STUDY MATERIAL: Begin
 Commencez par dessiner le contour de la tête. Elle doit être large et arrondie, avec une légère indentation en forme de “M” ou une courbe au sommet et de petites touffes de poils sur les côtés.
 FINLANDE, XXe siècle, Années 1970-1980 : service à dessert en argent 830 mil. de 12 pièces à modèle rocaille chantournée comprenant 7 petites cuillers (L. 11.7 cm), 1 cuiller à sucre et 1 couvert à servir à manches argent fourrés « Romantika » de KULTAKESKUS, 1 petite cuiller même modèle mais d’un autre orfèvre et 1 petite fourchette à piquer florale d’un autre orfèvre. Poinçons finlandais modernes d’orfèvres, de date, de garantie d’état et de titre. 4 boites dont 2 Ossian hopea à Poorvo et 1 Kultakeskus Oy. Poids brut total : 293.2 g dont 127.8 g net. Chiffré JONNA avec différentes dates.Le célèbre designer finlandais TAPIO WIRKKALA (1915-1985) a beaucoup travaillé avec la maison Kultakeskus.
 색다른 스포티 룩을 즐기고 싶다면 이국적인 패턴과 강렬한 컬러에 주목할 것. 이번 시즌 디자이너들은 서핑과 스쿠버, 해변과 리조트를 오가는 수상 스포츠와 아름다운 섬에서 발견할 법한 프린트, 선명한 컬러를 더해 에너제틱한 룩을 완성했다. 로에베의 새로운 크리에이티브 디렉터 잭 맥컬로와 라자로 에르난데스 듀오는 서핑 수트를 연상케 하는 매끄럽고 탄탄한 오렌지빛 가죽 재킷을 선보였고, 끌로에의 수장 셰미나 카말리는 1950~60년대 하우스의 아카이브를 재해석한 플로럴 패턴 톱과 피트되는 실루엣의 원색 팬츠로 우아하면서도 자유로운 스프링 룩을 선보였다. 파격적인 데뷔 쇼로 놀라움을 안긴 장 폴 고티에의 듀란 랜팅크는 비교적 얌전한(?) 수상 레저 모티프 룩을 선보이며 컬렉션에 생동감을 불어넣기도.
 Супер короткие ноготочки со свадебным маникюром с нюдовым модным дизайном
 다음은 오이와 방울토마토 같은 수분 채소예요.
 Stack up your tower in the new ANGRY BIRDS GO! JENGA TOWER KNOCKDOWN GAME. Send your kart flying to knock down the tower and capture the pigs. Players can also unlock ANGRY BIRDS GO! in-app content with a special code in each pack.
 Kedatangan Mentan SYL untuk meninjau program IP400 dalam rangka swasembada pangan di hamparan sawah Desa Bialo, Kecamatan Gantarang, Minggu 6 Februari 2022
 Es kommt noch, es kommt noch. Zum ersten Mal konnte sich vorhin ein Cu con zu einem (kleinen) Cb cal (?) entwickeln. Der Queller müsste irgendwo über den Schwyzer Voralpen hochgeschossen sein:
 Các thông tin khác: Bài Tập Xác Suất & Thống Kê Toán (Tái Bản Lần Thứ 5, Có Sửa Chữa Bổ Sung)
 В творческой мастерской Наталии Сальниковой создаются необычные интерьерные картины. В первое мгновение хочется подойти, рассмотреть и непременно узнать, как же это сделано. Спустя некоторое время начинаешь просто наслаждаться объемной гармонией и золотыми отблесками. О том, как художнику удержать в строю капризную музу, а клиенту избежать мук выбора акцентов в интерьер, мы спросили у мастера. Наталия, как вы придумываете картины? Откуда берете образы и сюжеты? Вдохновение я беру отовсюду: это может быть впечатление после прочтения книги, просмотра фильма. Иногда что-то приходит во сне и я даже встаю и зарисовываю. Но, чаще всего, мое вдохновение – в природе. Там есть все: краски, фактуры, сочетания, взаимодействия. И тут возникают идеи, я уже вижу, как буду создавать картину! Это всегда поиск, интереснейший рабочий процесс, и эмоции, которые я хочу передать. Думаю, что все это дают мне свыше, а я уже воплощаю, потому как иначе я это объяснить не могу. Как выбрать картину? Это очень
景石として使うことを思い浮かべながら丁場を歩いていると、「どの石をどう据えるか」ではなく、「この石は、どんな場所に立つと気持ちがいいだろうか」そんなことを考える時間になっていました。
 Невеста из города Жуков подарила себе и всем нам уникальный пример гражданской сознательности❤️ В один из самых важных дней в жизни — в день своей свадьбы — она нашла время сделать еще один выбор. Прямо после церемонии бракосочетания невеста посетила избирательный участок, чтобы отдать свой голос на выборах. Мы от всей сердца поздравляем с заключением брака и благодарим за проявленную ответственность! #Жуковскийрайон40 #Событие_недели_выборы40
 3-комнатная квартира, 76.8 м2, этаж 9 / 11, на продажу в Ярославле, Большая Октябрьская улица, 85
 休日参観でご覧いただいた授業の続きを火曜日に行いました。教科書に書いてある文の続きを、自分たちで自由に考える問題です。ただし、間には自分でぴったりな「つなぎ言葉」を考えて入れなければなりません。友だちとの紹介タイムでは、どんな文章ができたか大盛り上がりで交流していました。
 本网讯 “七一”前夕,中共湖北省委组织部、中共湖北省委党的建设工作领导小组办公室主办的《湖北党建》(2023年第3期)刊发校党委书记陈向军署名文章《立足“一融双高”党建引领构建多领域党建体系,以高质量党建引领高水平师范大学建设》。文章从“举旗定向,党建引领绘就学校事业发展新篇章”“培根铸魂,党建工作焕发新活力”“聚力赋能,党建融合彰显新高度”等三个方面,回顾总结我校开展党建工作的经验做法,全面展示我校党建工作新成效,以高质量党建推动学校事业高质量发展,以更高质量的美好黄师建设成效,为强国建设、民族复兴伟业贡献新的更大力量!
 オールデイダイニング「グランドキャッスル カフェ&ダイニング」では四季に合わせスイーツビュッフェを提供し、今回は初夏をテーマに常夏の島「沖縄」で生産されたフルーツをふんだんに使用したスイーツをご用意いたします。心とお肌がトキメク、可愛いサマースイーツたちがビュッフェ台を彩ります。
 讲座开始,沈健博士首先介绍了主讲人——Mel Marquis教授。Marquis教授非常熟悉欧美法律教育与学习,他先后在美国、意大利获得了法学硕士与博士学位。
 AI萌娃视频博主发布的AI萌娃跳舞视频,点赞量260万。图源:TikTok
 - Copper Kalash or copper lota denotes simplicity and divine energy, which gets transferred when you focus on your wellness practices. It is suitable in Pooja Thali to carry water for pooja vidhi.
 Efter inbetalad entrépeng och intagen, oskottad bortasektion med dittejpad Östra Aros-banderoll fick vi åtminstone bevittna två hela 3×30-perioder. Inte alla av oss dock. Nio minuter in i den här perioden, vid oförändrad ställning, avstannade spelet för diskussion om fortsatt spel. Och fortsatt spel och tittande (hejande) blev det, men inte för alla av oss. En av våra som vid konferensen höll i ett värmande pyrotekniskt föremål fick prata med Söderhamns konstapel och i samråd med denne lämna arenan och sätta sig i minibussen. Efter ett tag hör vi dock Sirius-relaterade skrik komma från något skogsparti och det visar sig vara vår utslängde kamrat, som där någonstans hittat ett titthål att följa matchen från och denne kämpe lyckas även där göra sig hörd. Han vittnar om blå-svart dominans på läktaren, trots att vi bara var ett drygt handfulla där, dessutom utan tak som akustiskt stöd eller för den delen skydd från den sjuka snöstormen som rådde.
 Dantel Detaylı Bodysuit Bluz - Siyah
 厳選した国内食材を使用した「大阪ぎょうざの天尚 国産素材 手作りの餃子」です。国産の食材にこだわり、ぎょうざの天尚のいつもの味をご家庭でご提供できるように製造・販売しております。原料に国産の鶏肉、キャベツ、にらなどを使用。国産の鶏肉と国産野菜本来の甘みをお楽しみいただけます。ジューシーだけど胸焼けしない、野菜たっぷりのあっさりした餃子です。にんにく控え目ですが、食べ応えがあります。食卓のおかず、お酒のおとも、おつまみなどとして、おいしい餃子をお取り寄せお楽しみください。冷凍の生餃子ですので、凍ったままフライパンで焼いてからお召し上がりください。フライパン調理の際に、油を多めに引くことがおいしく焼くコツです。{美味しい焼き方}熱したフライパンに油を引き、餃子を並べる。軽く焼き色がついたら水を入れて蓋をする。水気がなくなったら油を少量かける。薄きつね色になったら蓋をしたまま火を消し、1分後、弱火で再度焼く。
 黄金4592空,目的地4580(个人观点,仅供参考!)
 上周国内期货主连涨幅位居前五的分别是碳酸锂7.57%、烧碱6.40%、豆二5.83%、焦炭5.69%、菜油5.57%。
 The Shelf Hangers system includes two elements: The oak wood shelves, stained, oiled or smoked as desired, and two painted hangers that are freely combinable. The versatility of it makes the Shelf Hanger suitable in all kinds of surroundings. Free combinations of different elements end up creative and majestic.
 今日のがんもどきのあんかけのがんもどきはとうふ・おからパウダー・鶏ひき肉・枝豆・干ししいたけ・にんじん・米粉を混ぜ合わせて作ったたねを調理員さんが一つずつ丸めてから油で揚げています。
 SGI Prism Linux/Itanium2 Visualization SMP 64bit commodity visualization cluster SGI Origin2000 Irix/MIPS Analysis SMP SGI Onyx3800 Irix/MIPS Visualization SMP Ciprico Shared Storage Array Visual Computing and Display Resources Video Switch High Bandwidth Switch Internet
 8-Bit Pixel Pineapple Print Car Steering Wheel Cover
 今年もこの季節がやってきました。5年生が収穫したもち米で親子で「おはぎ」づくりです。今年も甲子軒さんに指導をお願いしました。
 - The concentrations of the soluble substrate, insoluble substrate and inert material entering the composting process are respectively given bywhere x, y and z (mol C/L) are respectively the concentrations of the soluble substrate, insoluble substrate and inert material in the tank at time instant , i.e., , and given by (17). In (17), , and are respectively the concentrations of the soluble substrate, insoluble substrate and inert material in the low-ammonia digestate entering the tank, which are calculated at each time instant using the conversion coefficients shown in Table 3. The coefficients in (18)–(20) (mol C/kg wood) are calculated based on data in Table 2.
STUDY MATERIAL: End
EXERCISE OBJECTIVE:
From the first line of the data above to the line holding "Stack up your", reproduce each line exactly; emit no other lines.

PROBLEM SOLUTION:
 Commencez par dessiner le contour de la tête. Elle doit être large et arrondie, avec une légère indentation en forme de “M” ou une courbe au sommet et de petites touffes de poils sur les côtés.
 FINLANDE, XXe siècle, Années 1970-1980 : service à dessert en argent 830 mil. de 12 pièces à modèle rocaille chantournée comprenant 7 petites cuillers (L. 11.7 cm), 1 cuiller à sucre et 1 couvert à servir à manches argent fourrés « Romantika » de KULTAKESKUS, 1 petite cuiller même modèle mais d’un autre orfèvre et 1 petite fourchette à piquer florale d’un autre orfèvre. Poinçons finlandais modernes d’orfèvres, de date, de garantie d’état et de titre. 4 boites dont 2 Ossian hopea à Poorvo et 1 Kultakeskus Oy. Poids brut total : 293.2 g dont 127.8 g net. Chiffré JONNA avec différentes dates.Le célèbre designer finlandais TAPIO WIRKKALA (1915-1985) a beaucoup travaillé avec la maison Kultakeskus.
 색다른 스포티 룩을 즐기고 싶다면 이국적인 패턴과 강렬한 컬러에 주목할 것. 이번 시즌 디자이너들은 서핑과 스쿠버, 해변과 리조트를 오가는 수상 스포츠와 아름다운 섬에서 발견할 법한 프린트, 선명한 컬러를 더해 에너제틱한 룩을 완성했다. 로에베의 새로운 크리에이티브 디렉터 잭 맥컬로와 라자로 에르난데스 듀오는 서핑 수트를 연상케 하는 매끄럽고 탄탄한 오렌지빛 가죽 재킷을 선보였고, 끌로에의 수장 셰미나 카말리는 1950~60년대 하우스의 아카이브를 재해석한 플로럴 패턴 톱과 피트되는 실루엣의 원색 팬츠로 우아하면서도 자유로운 스프링 룩을 선보였다. 파격적인 데뷔 쇼로 놀라움을 안긴 장 폴 고티에의 듀란 랜팅크는 비교적 얌전한(?) 수상 레저 모티프 룩을 선보이며 컬렉션에 생동감을 불어넣기도.
 Супер короткие ноготочки со свадебным маникюром с нюдовым модным дизайном
 다음은 오이와 방울토마토 같은 수분 채소예요.
 Stack up your tower in the new ANGRY BIRDS GO! JENGA TOWER KNOCKDOWN GAME. Send your kart flying to knock down the tower and capture the pigs. Players can also unlock ANGRY BIRDS GO! in-app content with a special code in each pack.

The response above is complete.